I suddenly felt very out of place.
But that feeling didn’t last long. They wouldn’t have it that way.
Simon bought us all a round of drinks and Rae and I stole a seat and shared it. Luckily we both had a tiny arse or one of us would have been on the floor. Across the table, Cole’s attention was being commandeered by the lovely Tamara. I was fine with that. It meant avoiding his eyes was easy, and I could gab away with Simon and Tony, two opposites who somehow made a perfect right. I was falling in love with them and I imagined anyone who spent just a little time with them would feel the same way.
“So I have this woman come into my salon and she asks for my price list,” Tony said. I’d already learned from Simon that Tony owned a hair salon in Old Town. He was so successful he was just about to finalize plans to open a second salon in Stockbridge. “She turns up her nose and says, ‘Oh no, darling, I never get my hair cut in a salon that charges less than eighty pounds for a cut and blow-dry.’” He rolled his eyes. “So I say, ‘But, darling, there are so many gorgeous woman who can’t afford high-end prices. Here I offer high-end cuts at an affordable rate.’ And the old witch has the nerve to say loudly in front of all my beautiful customers, ‘And that’s why you’ll never have high-end clients.’”

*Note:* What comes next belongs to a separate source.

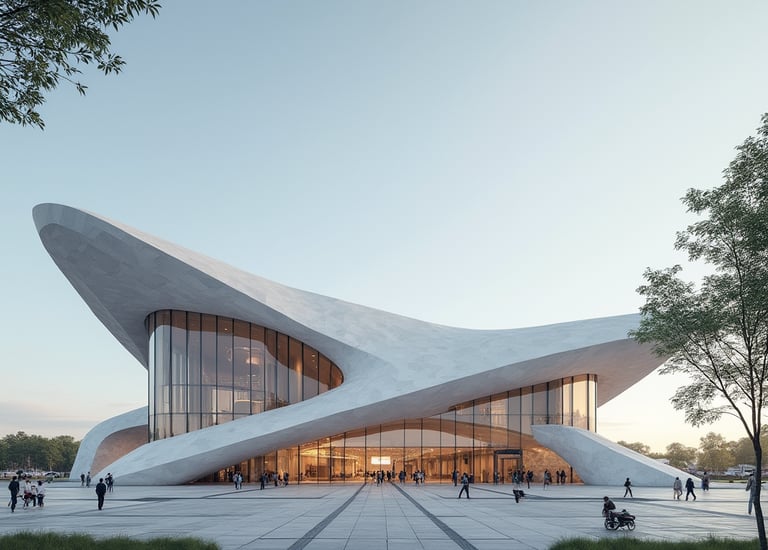 The architecture embodies the sculptural evolution of contemporary public buildings. It rejects static massing in favor of a continuous, flowing gesture—an architectural landscape shaped for people. Through its openness, fluidity, and dramatic structure, the building becomes a symbol of future-forward urban identity and human connection.

“I hope you stuck it to the bitch,” Rae said.
Tony harrumphed. “I look her over very deliberately and I say, ‘In my salon, darling, you can’t put a price on class.’ I dunno what these women think . . . that I’m going to sniff after their gold-covered bottoms?” He leaned into me now. “I start with very little and it was the students and young working people that help me build my business. I’m not going to forget where I come from, you know.” He chuckled. “Although my mother tells me all the time I forget I am Italian.”
“She doesn’t know what she’s talking about.” Simon shook his head. “Half the time I can’t understand a fucking thing coming out of your mouth.”
Tony grinned wickedly at him. “It has its uses, though, yes?”
While his boyfriend threw his head back in laughter, Rae yelled, “No! No, no! No sex talk tonight.”
I raised an eyebrow. “Really?”
She frowned. “Really, what?”
“You have a problem with them discussing their sex life. You,” I emphasized. “The squealer?”
Simon, Tony, and Cole burst out laughing. I hadn’t even realized Cole was listening to our conversation. Rae fought a grin as she stared at me.